Gary Darling, owner of Mastercraft Electric in Seattle has apprentices at all levels. First-year apprentices earn more than twice the minimum wage plus medical, dental, pension, training, vacation and holiday pay. The base wage continues to increase as the employee gains experience.

One of Darling's employees came to the company nine years ago from a construction materials job that paid little more than minimum wage. Today, he is the head of the low voltage and fiber optics division of the company and sits on a committee for CITC to help bring young people into the crafts.
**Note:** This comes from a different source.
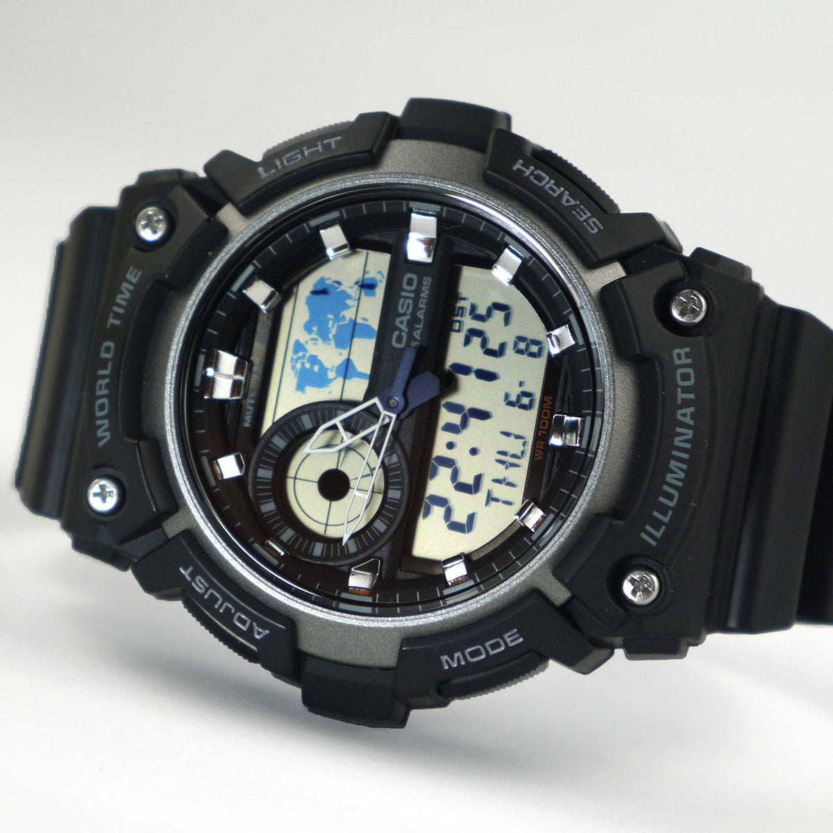 CASIO AEQ-200W-1AVDF - ساعة رجالية ذات أداء عالٍ وتصميم رياضي باللون الأسود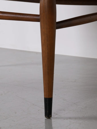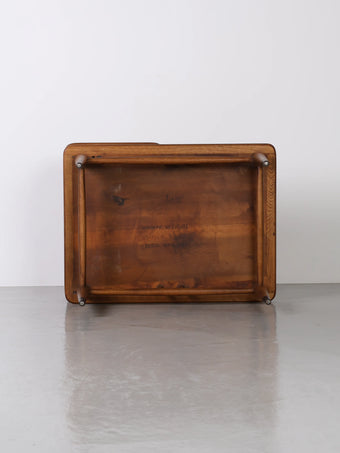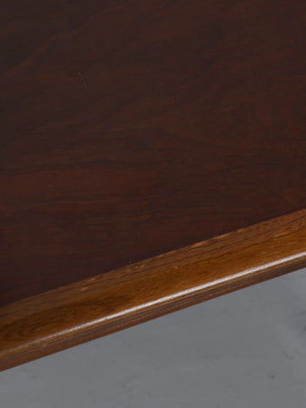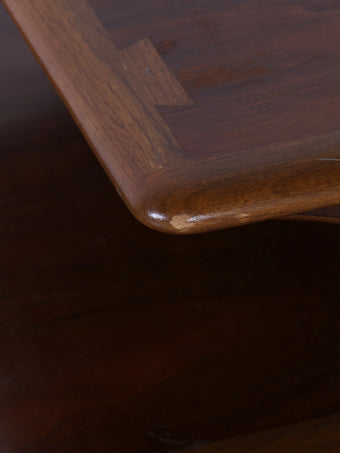 2種類の木材を組み木したとても手の込んだ作りで、その洗礼されたデザインや木目の綺麗さも相まって年々入手が難しくなっている貴重なテーブルです。

Part of CITC's mission is to educate students and parents that jobs in the construction industry offer good pay and long-term career stability. An employment publication, Today's Careers, reported in its Jan. 30, 1998, issue, "Journey-level workers can make $45,000 and up. Superintendents, who run construction jobs day-to-day, can make $60,000. Top carpenters can make $80,000."

The backbone of the U.S. economy, the construction industry offers a way to build a future.


Kathleen Garrity is executive director of Associated Builders and Contractors of Western Washington (ABC). Sandra Olson is executive director of the Construction Industry Training Council of Washington (CITC).